Using the inductive models which is mined with a 20k event log (the same event log from setup 5), we performed conformance checking and calculate the fitness score with ProM. A score of 1 indicates that all cases perfectly match the process model; otherwise, the score will be less than 1. The method for performing conformance testing is described in detail in [rozinat2008conformance]. The average fitness scores for multiple setups are displayed in Table 5. Using a 20k-case event log, we mine the normal process model; then, we perform conformance checking with various categories including another normal log and all attacks. The normal column represents the fitness score of an additional subset distinct from the one used to generate the model. On Zenodo, all preprocessed data will be accessible111

As all cases exhibit perfect model fit, it is impossible to identify the anomaly. Observable traces are a limitation of related works that mine the normal model from only a few dozens or hundreds of cases, resulting in a relatively accurate model. However, network flows can be significantly more complex; therefore, mining a process model from deviated flows will result in a significantly more general model.
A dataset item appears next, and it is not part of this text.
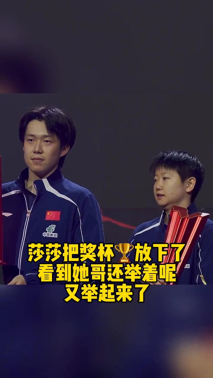 王楚钦获得男单冠军,再次捍卫国乒荣耀。 小林获得男单亚军,场上是对手,场下是朋友。大头招呼小林往这边站。男女单打冠军合影环节,看到莎头同框啦,小嘴叭叭讲个不停。莎莎把奖杯放下了,看到她哥还举着,又举起来了。这就是冠军的烦恼吗?莎头合影。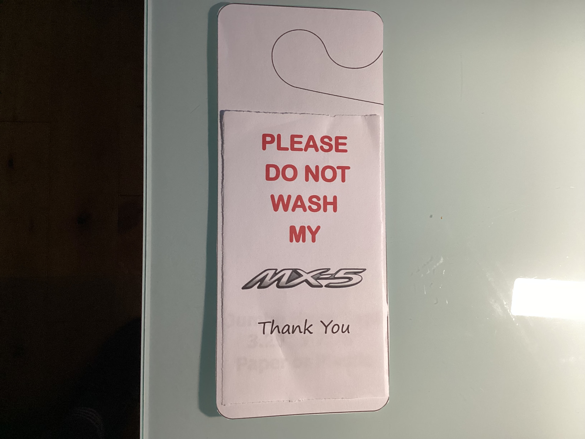 After reading the thread on Dealer Feedback and in particular the comments about not wanting the dealership to wash cars (myself included) I had a thought. I always ask the service desk to write “No Wash” on the job sheet but I am concerned that this message doesn’t always reach the people involved. I didn’t particularly want a hastily scribbled note to leave inside the car either as it could easily be ignored or thrown away. So I have ordered some acrylic hangers to put on the rear view mirror, printed on both sides so it can be seen from outside and inside the car. Here is a mock-up:

As long as the flows are being routed on the network, regardless of whether they are attacks or normal traffic, they always comply with TCP, and attacks typically do not exploit the protocol itself. We believe that the frequency distribution of transitions is more crucial for anomaly detection in IDS. An anomaly may not be viewed as a particular transitional change, but rather as the global frequency structure.

7 Conclusion

We believe that using PM and conformance checking directly for network intrusion detection is ineffective. We compare models, and based on our observations, we know that it is difficult to detect anomalies due to the generality of the process model. In addition, we explained why using PM for network traffic anomaly detection is ineffective. A benefit of PM is that it encodes the global process structure, allowing parallelism to be discovered. This may be important for detecting distributed denial of service (DDoS), Botnet, and brute force attacks.